Saratoga’s locals say as long as this continues — nothing will get done.
“Both sides are right, and both sides are wrong in certain ways, and I think that people need to come together and figure out how to actually fix it instead of just yelling at each other,” Kitchen says.
Both Kitchen and Seeley say they were equally disturbed by Commissioner Robin Dalton’s comments at Monday’s meeting claiming bar and restaurant owners “bear some responsibility here” for the increase in violence. Dalton referenced breaking capacity limits, underage drinking, the overserving patrons — all offenses that could constitute losing liquor licenses.
“The majority of the business owners that I know and love dearly who work in this business, they always report everything,” Seely says.
“I’ve known a lot of the bartenders and a lot of the bouncers here for years. They do their jobs very well, and I give a lot of respect to them because they are in a dangerous situation too, you know? At all times. They can’t watch absolutely everything,” Kitchen further adds.

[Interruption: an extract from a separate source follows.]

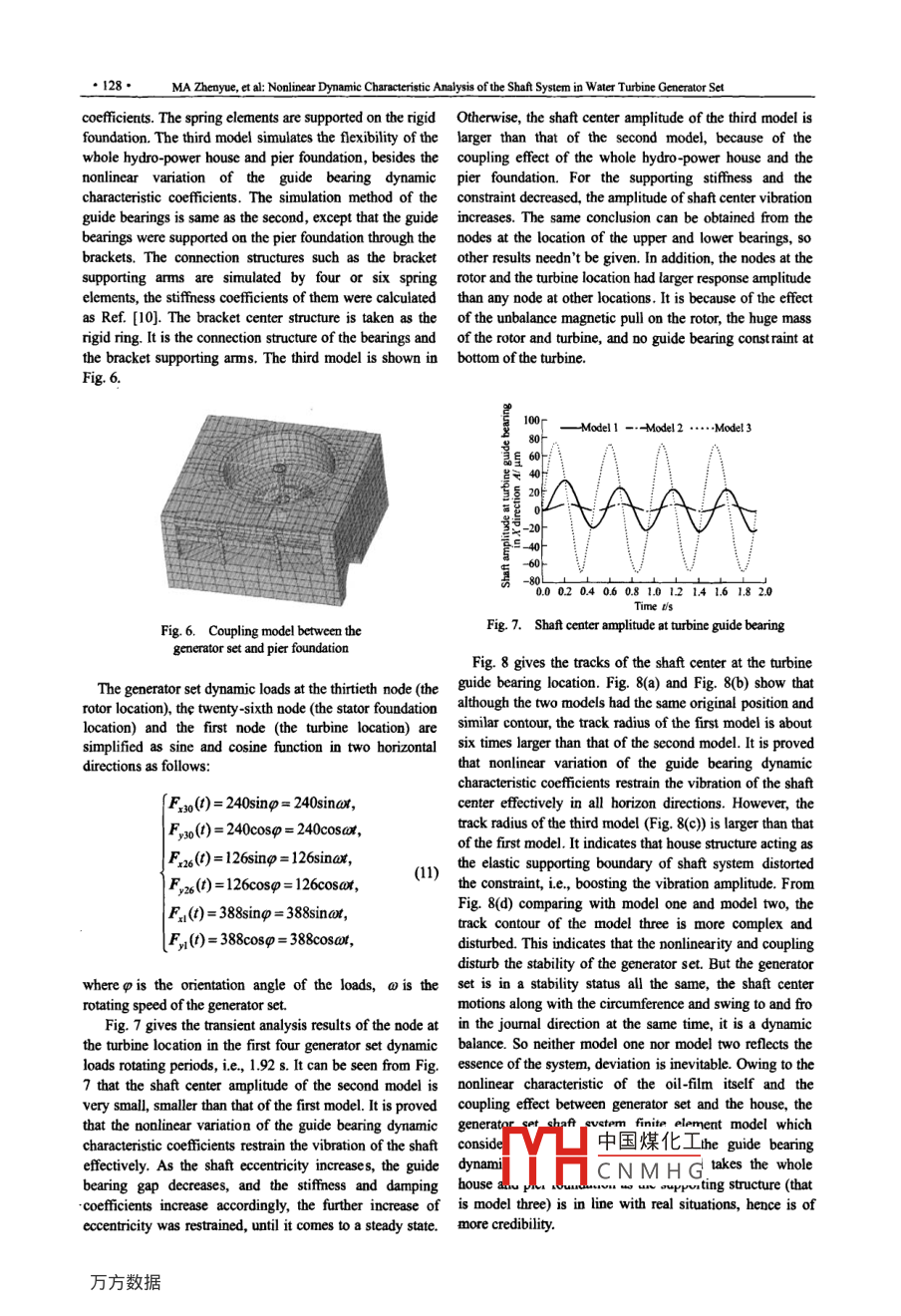 CHINESE JOURNAL OF MECHANICAL ENGINEERING●124●Vol. 22. No. 1, 2009DO: 10.3901/CJME. 2009.01.124, available online at www.jmenet.com; www cjmenet.com.cnNonlinear Dynamic Characteristic Analysis of the Shaft Systemin Water Turbine Generator SetMA Zhenyue and SONG Zhiqiang*School of Civil and Hydraulic Engineering, Dalian University of Technology, Dalian 116023, ChinaReceived May 18, 2008; revised November 13, 2008; accepted November 24, 2008; published elctronically February 20, 2009Abstract: A 3D finite element vibration model of water turbine generator set is constructed considering the coupling with hydropowerhouse foundation. The method of determining guide bearing dynamic characteristic coefficients according to the swing of the shaft isproposed, which can be used for studying the self-vibration characteristic and stability of the water turbine generator set. The methodfully considers the complex supporting boundary and loading conditions; especially the nonlinear variation of guide bearing dynamiccharacteristic cofficients and the coupling efet of the whole power-house foundation. The swing and critical rotating speed of anactual generator set shaft system are calculated. The simulated results of the generator set indicate that the coupling vibration model andcalculation method presented in this paper are suitable for stability analysis of the water turbine generator set.Key words: water turbine generator set, dynamic characteristic cofficients, nonlinerity, coupling vibration, citical speedis operating, under the influence of nonlinear variation of1 Introductionthe loads, the displacement of shaft, the rotating centrifugalforce, and the guide bearing oi-flm distribution changesIn recent years, a number of studies on the vibration ofgetting along with time; hence the dynamic characteristicthe water turbine generator set have been conducted- 4.coefficients of the guide bearings change accordingly.Because of the complexity of this matter, those researchesFurthermore, the natural frequency and the crtical rotatingover simplified the loadings, supporting and boundaryspeed of the shaft system depend on not only the rotatingconditions, etc, which may seriously affect the vibrationspeed but also the constraint conditions of the shaft that isof the shaft system. LIU, et al5], calculated the swing ofathe guide bearing dynamic characteristic coefficients. Fig.1shaft on the basis of finite element method, with lineardescribes a three-guide bearings suspension-type unit shaftapproximate model of the system constructed on thesysteml).premise of the shaft disturb only in a small region near theequilibrium point. Owing to the nonlinear essence of thebeannggenerator set, the linear system was not suitable at allRotorcpwhen the diturbance became larger. QIAO, et al6, tookFmt Magnetic foreinto account the nonlinear characteristic of the oil-film,ower guidecalculated the response of a shaft system, while ignoredthe influence of the whole hydropower house and the pierfoundation. He did not analyze the critical rotating speedor the stability of the generator set further. KANG, et al7),were devoted to the study of foundation effects on the144 Tubpne euidedynamic characteristics of rotor-bearing system. TheirTurbineC- 2simulation and analysis based on the finite elementFig. 1. Sketch of the shaftmethod. They put forward the design criteria of theand guide bearingfoundation for rotating machinery avoiding resonance andsuppressing response.For the vertical water turbine generator set, the guideThe中國煤化工frequencies and thebearings are the force tansmission gears between generatorguide t.2.FromFig.2wecan seeMYHC N M H Gwith the stifnes inset and whole bydro-power house. When the generator setan approximate linearity. The deviation of the first stepnature frequency is about土10% when the deviation of the,Corresponding author. E-maili Shiq200@.126.comstiffness reaches土25% taking 2.0 MN/mm as the referenceThis projeet is supported by National Natural Science Foundation ofCHINESE JOURNAL OF MECHANICAL ENGINEERING●125●point; while 20%,when the deviation of the stiffnessThe geometric sketch of water turbine generator setreaches 土50%. Frequency curves of the second and thirdguide bearing is shown in Fig. 3.steps have a similar trend, which indicates that the journalguide bearing stiffiness heavily influences on the naturefrequency. If the non-linear feature of the siffness couldnot be exactly examined, the correct calculation of thenatural frequency would be impossible, to say nothing of二0critical rotating speed.一First step ---econd step -- Third step20墾15Fig. 3. Guide bearing geometric sketch10.0.5Generally, since the rotating speed of a generator set isitifness K/MN.mmr)quite slow, oil-flm flow field belongs to laminar flow.Fig. 2. Curves of frequency sifnesssIgnoring the effect of the squeeze film, the generalReynolds equation of the steady flow field isIn this research, we have a deep consideration of thequestion how to determine the guide bearing oil-filmdistribution and the sifness coefficients further accordinga(h亞)t a(hp)=6u2h(1)x(μxJf z(μa,ax'to the nonlinear variation of the loads and the shaftdisplacement. Since the supporting structures of the shaftsystem (consisted of bearing pedestal- -bracket-pier-house, whereU= Rw is the linear speed in the circumnferentialetc) and the force ransfomation way were very complex, drection. Let r=Ro, =(L2), the boundary conditions are .the coupling effect of the whole house and pier foundationas fllows:was considered in the numerical simulation calculation.The simulation and analysis in this paper are based on finiteelement method. The guide bearing dynamic characteristich=t1,h=h/c,p= p(e/R) /uo.y=(D/l).coefficients’nonlinear variation with the shaft centerposition (eccentricity and orientation angle) is considered;meanwhile, we also take the coupling efet of the whole Where p is a symbol for the oil-fIm pessure; c representshouse and pie

Dalton at the time in Monday’s meeting also suggested a need to bolster the police department by at least 20 officers, claiming there is an additional need to better apprehend drug sales.
“If we have enough police, such that we can crack down on people selling drugs here so people can’t come sell drugs here for double the price that they’re selling them in their own cities, they will not come here. It’s an easy cause and effect,” she said Monday.
NEWS10 reached out to the police department and Commissioner Dalton, but have not yet gotten an updated response.